Thursday, November 20, 2008

Jazz otaku - the things you learn

When you think of Jazz music what comes to your mind? Take a moment, I’ll wait.

Now some might instantly come up with Miles Davis, or Herbie Hancock. Others might be thinking of Etta James. Some might envision the 1950’s in America, or perhaps Harlem in its heyday. For me all of these and other aspects of jazz come to mind. But I just learned of one aspect that I doubt most would come upon.

Jazz and Japan.

The 2 sound like an odd mix. It almost jars the mind to conceptualize the 2 together.

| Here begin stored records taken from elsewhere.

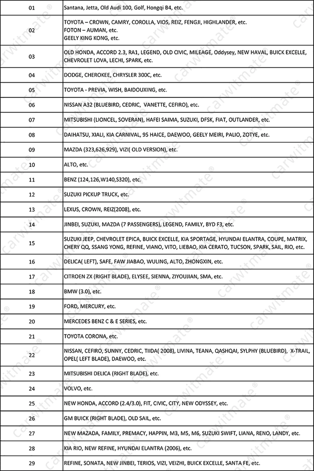 Этот пустой ключ Подходит для VW PASSAT, BORA, GOLF, AUDI A6, SKODA, POLO, TOURAN, CADDY, SAGITAR, MAGOTAN, SEAT. Если вам нужны другие типы, пожалуйста, обратитесь к следующему списку пустых ключей и сообщите нам номер ключа, который вам нужен. Если вы не сообщите нам, какой номер ключа вам нужен, и закажите этот товар, мы отправим вам пустой ключ по умолчанию № 31. Большое спасибо за понимание!
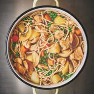 Sauté for another 2 minutes, then pour in the soy sauce, mirin, sake, and add the powdered sugar. Mix well. Transfer the shirataki noodles as a block onto a cutting board, cut into four parts, and add to the pot. Then pour in the dashi broth.
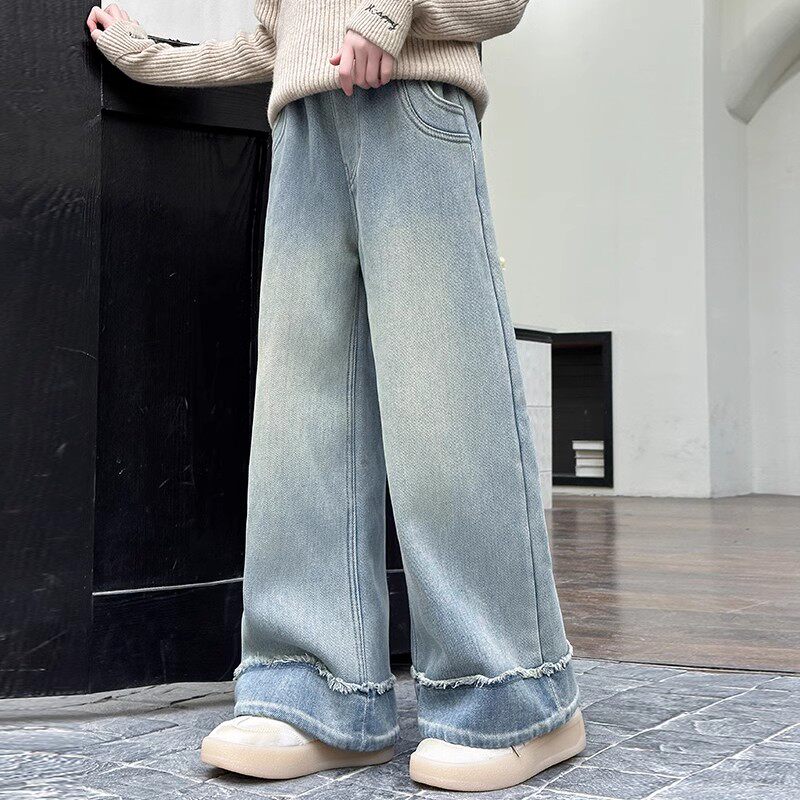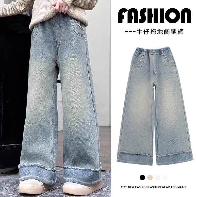 女童牛仔裤2026新款秋冬季加绒中大童阔腿裤加厚羊驼绒儿童直筒裤
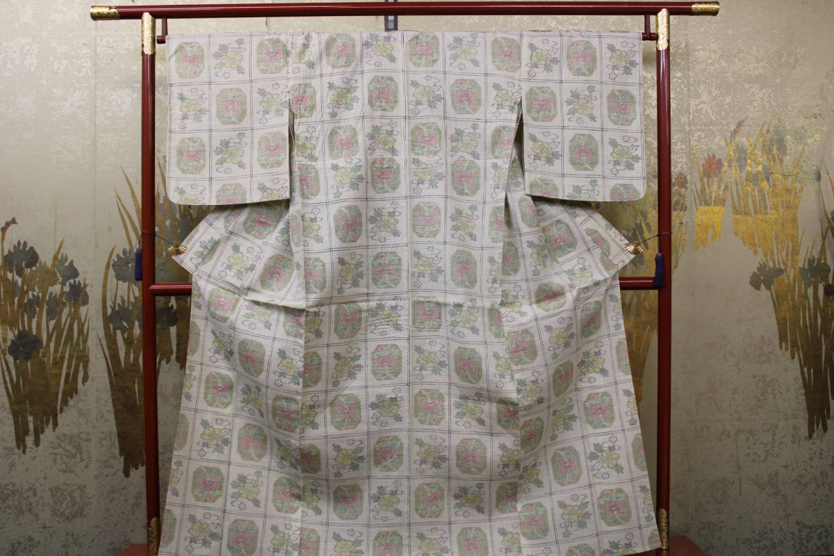 > きもの今昔4934 単衣のきもの バチ衿手縫い仕立て 縮み加工がしてあります 麻ではなく正絹と判断 身丈156cm
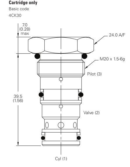 actuator, in position.The 4CK30 is a small cartridge valve and is ideally suited for fitting directly into a cylinder, giving economy of installation, direct control of cylinder movement and ease of servicing.
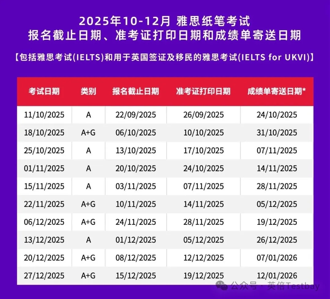 25年最后一波雅思考位开抢!
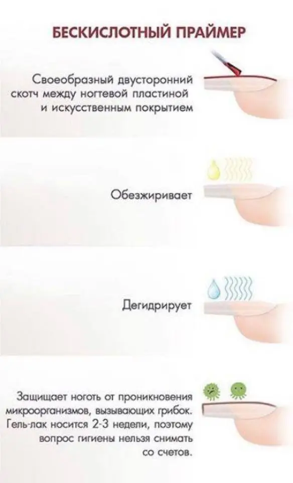 Бескислотный праймер действует мягче: он не травмирует ноготь, но создаёт прочную сцепку и защищает от микробов.
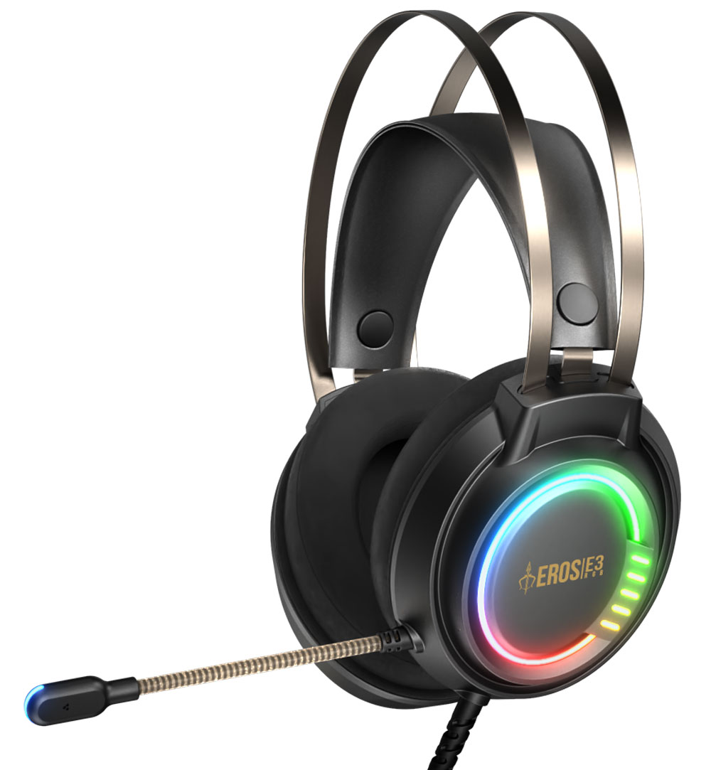Az EROS E3 Gaming Headset saját RGB effektussal van ellátva a tökéletesen megtervezett fülpárnák körül.
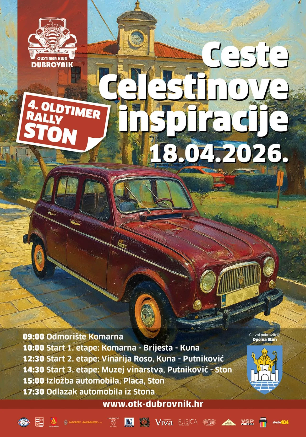 Oldtimer klub Dubrovnik organizira 4. OLDTIMER RALLY STON: Ceste Celestinove Inspiracije, koji će se održati u subotu, 18. travnja 2026. Start je u 10 sati s odmorišta Komarna na Pelješkom mostu odakle će osamdesetak oldtimera odvesti prvu etapu do Kune gdje će automobili biti izloženi ispred Vinarije Roso, nasuprot Perivoja Celestina Medovića.
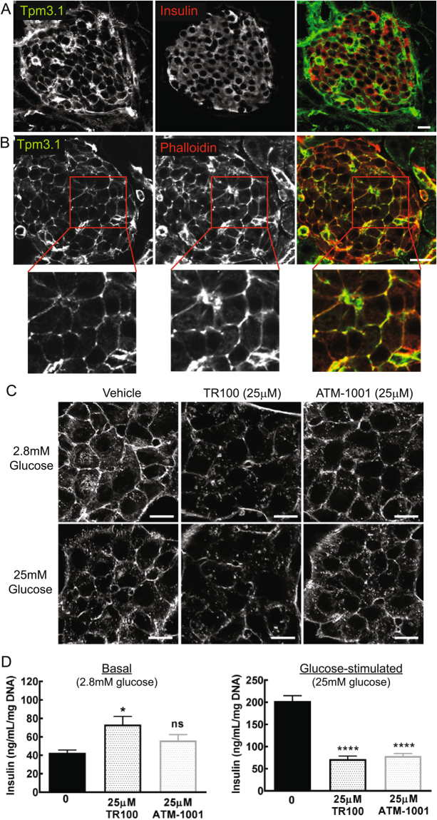 Actin plays a major role in insulin granule exocytosis in regulating the trafficking and/or insertion of the granules into the plasma membrane27. Treatment of β-cells with actin-destabilizing drugs (latrunculin) has been shown to increase insulin secretion30–32 leading to the hypothesis that the actin cytoskeleton acts as a barrier for granule exocytosis. We therefore have examined whether the impact of the ATM drugs on insulin secretion is due to alteration to the cortical actin cytoskeleton. We first demonstrate that the drug target, Tpm3.1 is present at the cell periphery in β-cells (stained with insulin) of mouse pancreas (Fig. 6A) in close association with F-actin (Phalloidin staining) (Fig. 6B) as has been observed for Tpm3.1 in other mouse tissues23.
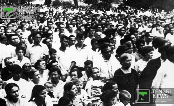 Митинг в связи с нападением фашистов на Советский Союз. Алма-Ата, 1941 год. Фото: Центральный государственный архив кинофотодокументов и звукозаписей РК.
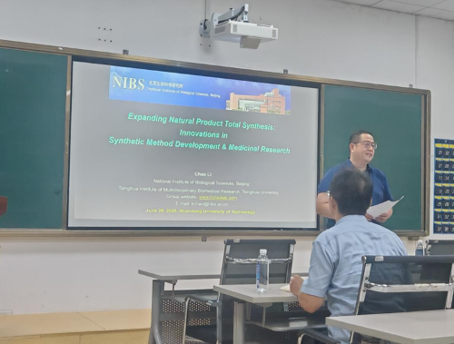 6月26日上午,学院邀请北京生命科学研究所/清华大学生物医学交叉研究院高级研究员李超博士来学院进行学术交流,并作题为“Expanding Natural Product Total Synthesis: Innovations in Synthetic Method Development & Medicinal Research”学术报告,报告会由学院院长杨乃涛主持。
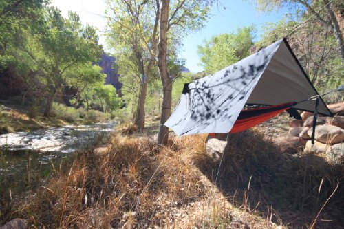 - Feature : Weighs only 2lbs and packs into its own carrying pouch for maximum portability. / Made of extremely durable polyester treated ripstop nylon. When you feel it in your hands you'll know why we call it the Strong Tarp! / Unlike many other tarps which have a plastic-like feel to them, the V9 Strong Tarp feels almost soft to the touch. Why? The V9 Strong Tarp is designed to minimize noise from wind and rain, helping you to sleep peacefully through the wind and rain. / Versatility: Multiple setup configurations allow you to setup the tarp in a number of different ways depending on your needs or the weather conditions. The tarp can also be used as a ground tarp, sun shade or shelter with or without your hammock. / A slightly reflective underside works to trap and reflect body heat on a cold night. Flip it over to keep the sun at bay when you need some shade.
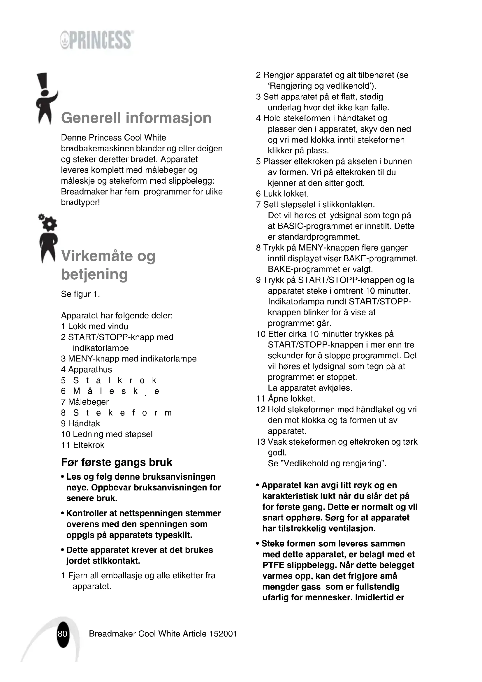 - Hvis dette apparatet brukes av barn eller personer med fysiske, sanselige, psykiske eller motoriske84 Breadmaker Cool White Article 152001 funksjonshemninger, eller personer med manglende kunnskap og erfaring, kan det føre til faresituasjoner. De som har ansvaret for sikkerheten til slike personer, må gi tydelige instruksjoner eller holde øye med bruken av apparatet.
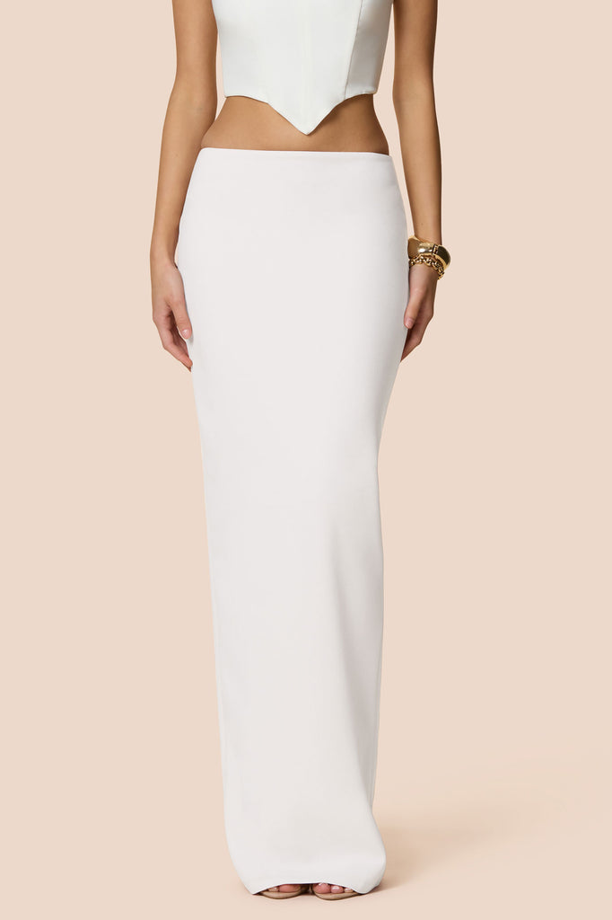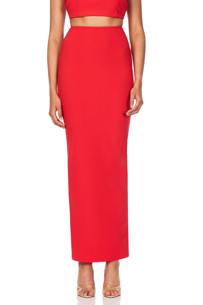 Classic high waisted pencil maxi skirt, with split at back hem and invisible zip at waist. Crafted in our stretch bonded crepe, fully lined.
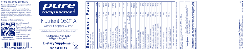 Nutrient 950® A without copper & iron is a complete hypoallergenic multi-vitamin and multi-mineral supplement. Our multivitamin is complete with activated vitamins and chelated minerals to promote optimal absorption.
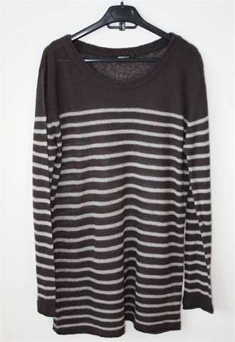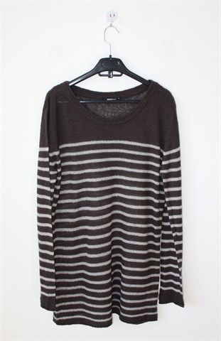 Ginatricot vesta sivo-bijele boje, prugasti uzorak. Tanje, mucasto i rastezljivo pletivo (blago providno).
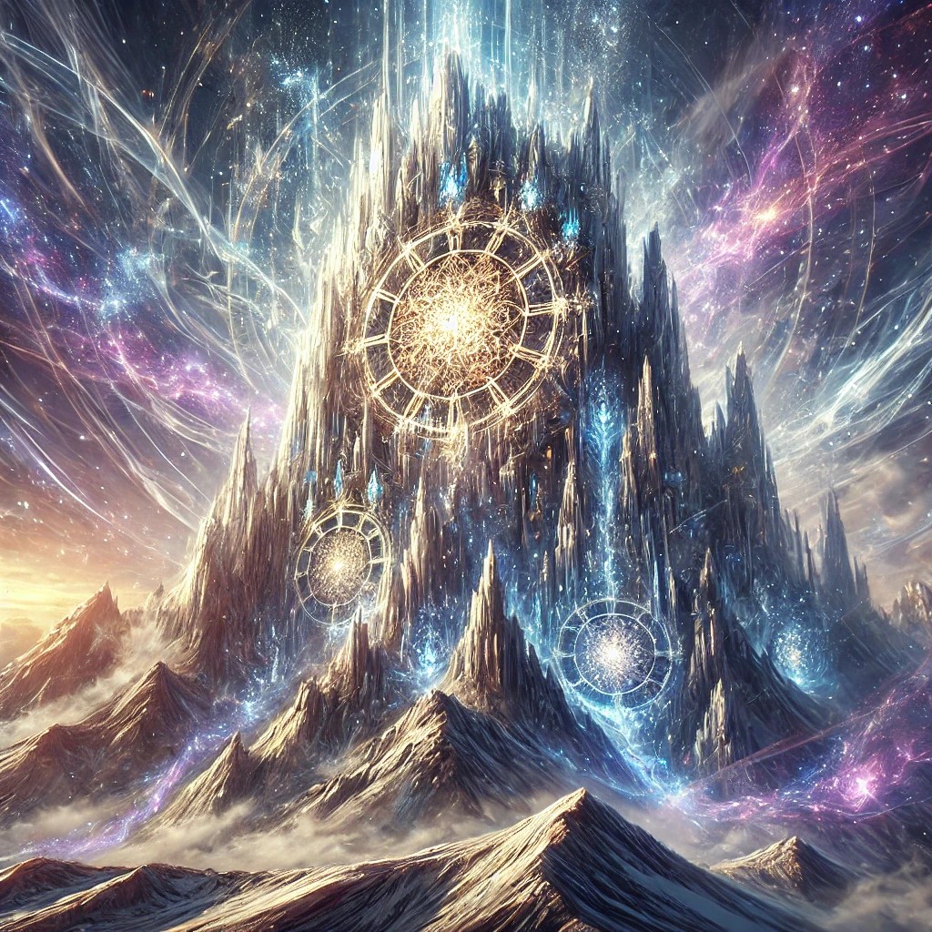 The image depicts a massive crystal mountain, its jagged peaks formed from shimmering transparent quartz. The mountain is infused with the time element, featuring ethereal streaks of gold, silver, and deep purple running through it, symbolizing the flow of time. The face of the mountain is intricately carved with glowing clockwork patterns, which seem to pulse with an otherworldly rhythm. Time appears to warp around the mountain, with faint glimpses of past and future eras flickering in the air.
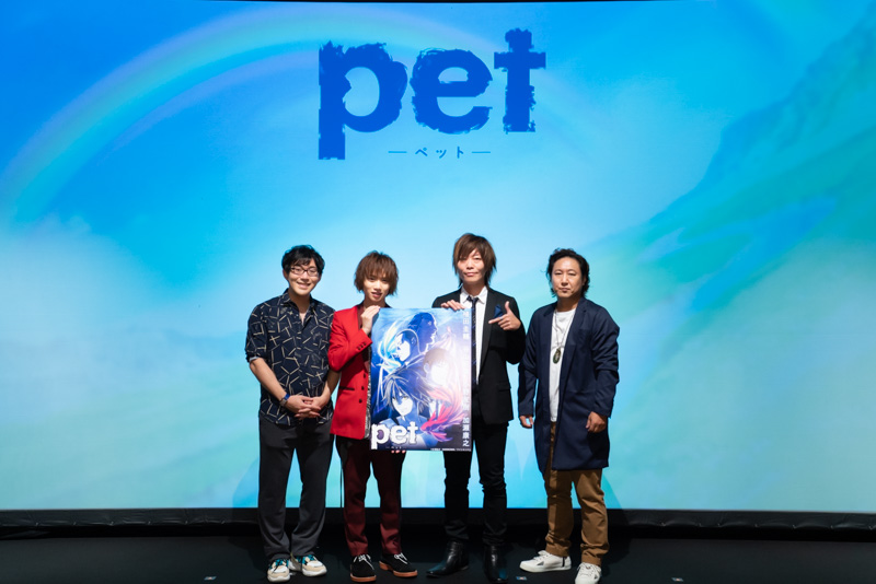 舞台にも出演するヒロキ役の植田圭輔に続き、司役の谷山紀章、悟役の小野友樹、林役の加瀬康之が登壇。『pet』のアニメに出演することに対して、谷山紀章はもともと原作のファンであったことを明かし、原作ファンの期待を裏切らないこと、新規ファンにも楽しんでもらいたいと意気込みを語った。小野友樹は、担当する悟について、「外見は強面だけどいろんなことに怯えている」とキャラクターの二面性を指摘。「作品の中でも大切な役割を担っている」と自身の見解を述べた。
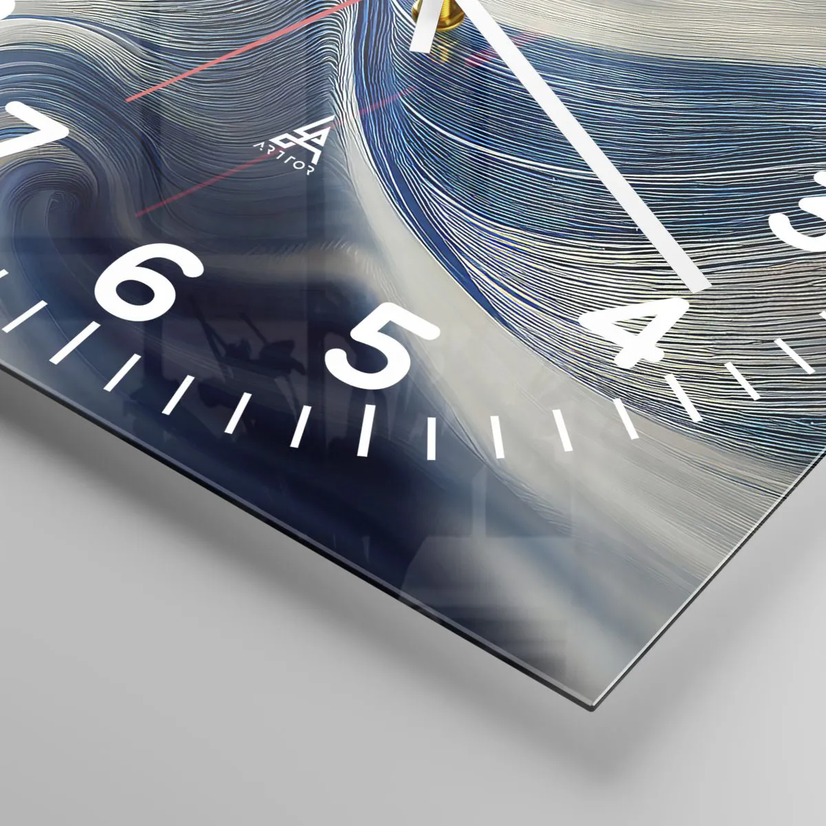 Väggklocka - Klocka på glas - Flöde av blått och vitt - 40x40 cm
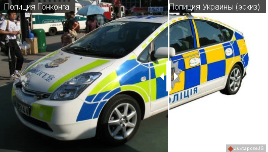 Правда, в чому полягала робота дизайнерів МВС при створенні цього «ескізу», незрозуміло. «Главкому» вдалося знайти оригінальне фото, яке надихало міністерських творців. «Ескіз» виявився точною копією автомобіля поліції Гонконгу. Все, що зробили дизайнери Авакова, - поміняли слово Police на «Поліція», трохи змінили кольори розмальовки та додали українську символіку.
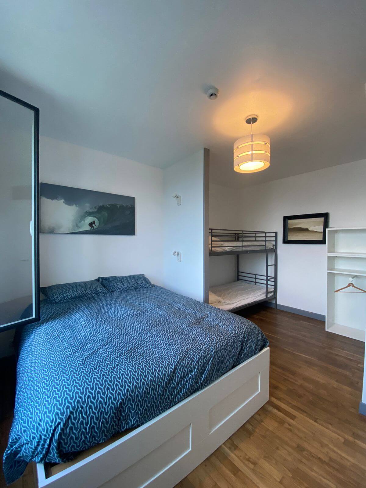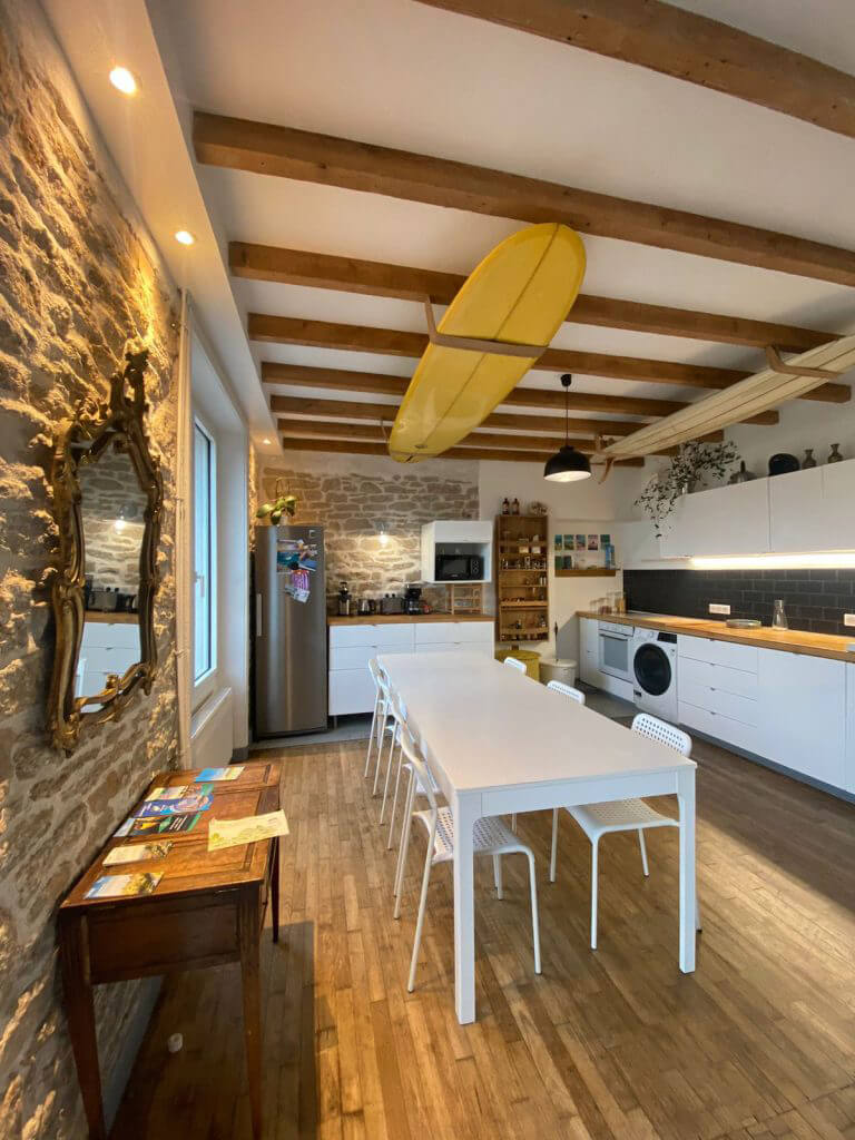 Equipé de tout ce dont vous aurez besoin, ce surfcamp vous plonge dans un esprit surf. L’aménagement et la décoration sont pensés pour vous aider à vous évader. Décorée avec goût c’est une vraie invitation au voyage notamment au travers de grandes photographies de spots de surf bretons et d’ailleurs, du photographe Jérome Chobeaux.

But Jazz coffeeshops have long maintained the connection in Japan.

It is a post about Professor Michael Molasky of the University of Minnesota that provided me the connection that these 2 share. He is also a jazz pianist, and spent a year searching out the jazz coffeehouses. And in them he found a rich history which he shared with an audience at UCLA.

In reading about Prof. Molasky I found out that jazz was first introduced in coffeeshops in 1929. Of course the first such establishment was across from the University of Tokyo. And at the time jazz was not associated with African Americans by the general populace.

Even in the 1950’s when French films incorporated jazz wholesale there remained a separation of the expression and power of jazz and African Americans. But that changed in 1961 when Art Blakey did a tour of Japan. It was the first time multitudes of Japanese were able to see a Black man, let alone connect them to jazz music. Which in a way I find amazing.

I find it hard to understand how jazz could be separated from the artists and musicians that created it. That a music genre could be so isolated from those that created it. Of course there was no cable television, not music videos, so to a degree it is understandable. And when you add in the fact that the cost of audio equipment and foreign music was prohibitive to most Japanese people it make a tinge more sense. Yet for the otaku (roughly geeks or hardcore fans) I would have expected a different take.

Still Prof. Molasky expressed that it was the connection of Art Blakey and jazz that had many Japanese people not only going to the jazz coffeeshops, but also intensely following the Civil Rights Movement. Again this was something I was unaware of. I had no idea that anyone in Japan cared. Not because they were racist or anything of that nature, just because they are so far removed physically and socially.

Of course jazz in Japan was an inspiration, just as it was and is in America today. It was a feature with the Japanese Student Movement, influenced Nobel Prize winner Oe Kensaburo, and provided a living to Haruki Murakami.

All of this were things I had no idea of. I’ve always enjoyed jazz, and knew of its influence in Europe. But I always felt that the biggest impact was just here in the U.S. It seems that I was very wrong, and niaeve.

For me, I find it refreshing to have learned all of this. It’s a bit of humbling, and moreso learning. It makes my appreciation of jazz all the more stronger. And it makes the world just that much more friendly.

And for my readers that have never ventured far from the reheated refuse that is gangsta rap, or the overly commercialized R&B of these days, I suggest you check out jazz. There is more there than you might imagine. Just as I have learned today.